Fresh Air Matters... with Capt. Yaw
I fly overhead a particular little farmyard tens of times each week. There are six small mud built homes planted haphazardly around the dust swept yard. The agro-hamlet is located right under the turning point onto base leg, for an approach to runway one-niner, at Kpong Airfield, and since that is a right hand circuit, and I sit on the right hand side whilst instructing, I get a perfect vertical view on that turn. An average ‘circuits lesson’ covers about eight of the turns – and since circuits are the ‘bread and butter’ of learning to fly, I get to see that little farmyard a lot – an awful lot.
However, last week there was increased activity in that small place, located at the end of a twenty minute trek into the bush down a narrow footpath. I did not know that the families there kept guinea fowl; those grey birds that look like a short, arthritic old lady from the late 1800’s, wearing a Victorian bustle gown! The common pearl-grey guinea fowl is incredibly bountiful, in the wild and in the farmyards, but there are also the white ones – possibly albino, probably just ‘different’.
Guinea fowl tend to move in a crowd, and to make a lot of noise. From my observation post at five hundred feet above, and with an eighty horsepower engine drumming its tunes ahead, I could not hear the commotion on the ground, but I was certain that the ‘noise was plenty’. Starting in one corner it seems that a pearl-grey had caught some tasty morsel of invertebrate, and was making a dash to get away from the crowd for a more ‘private snack’. The accompanying pearl-greys put up a pursuit in hope of a morsel of the mouthful of such a gastronomic bug. Meanwhile, the commotion attracted the attention of the white guinea fowl on the other side of the rough swept dirt pitch; and a large, somewhat intimidating, group of white guinea fowl dropped their heads and charged at the bug-bearing champion. Bear in mind, I was watching this during a turn, a time span of around twenty seconds, but, as I twisted my head out of the window, round and down, I could see that the commotion was continuing and the entire cosmopolitan flock of pearl-grey and white birds were pursuing their so called ‘friend’ in a hope of snatching a leg off of the small nutritional discovery in the bush. The combined energies were massive and the dust lifted off of the feet of the flock as if they were playing a very aggressive game of rugby!
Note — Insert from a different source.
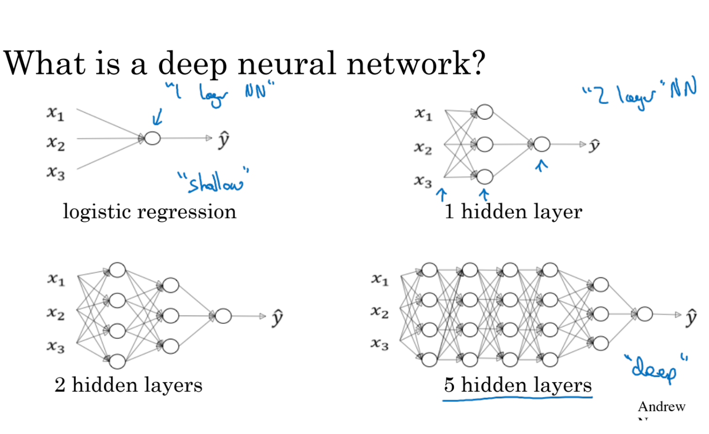 - 이제까지는 logistic regression, 1, 2 hidden layers만 살펴보았다. 이제부터는 더 deep한 hiden layers를 살펴보자

Nobody was home in the agro-hamlet, nobody but the fowls and the other livestock. My student could not see the event, but simply wondered what had caught my attention. Therefore, I am probably the only witness to this particular event, and certainly the only one to see it from above – the best place to watch such a spectacle. It still makes me smile when I replay the images in my built in visual-memory player!
Of course, being who I am, I relate such events to the world around me. I see all too often a community of happy folks, all living alongside one another, scratching for their livings, making ends meet and moving as one flock. Then, an individual strikes it lucky, they find the nugget of gold and knowing that the others want it, try to make a run for it, hoping that nobody else will see them. The crowd then spends more energy chasing the lucky one than it would take to find their own nugget, and, eventually, the one with the nugget is so tired from running that the nugget gets split into many pieces resulting in nobody feeling satisfied. Does that sound familiar?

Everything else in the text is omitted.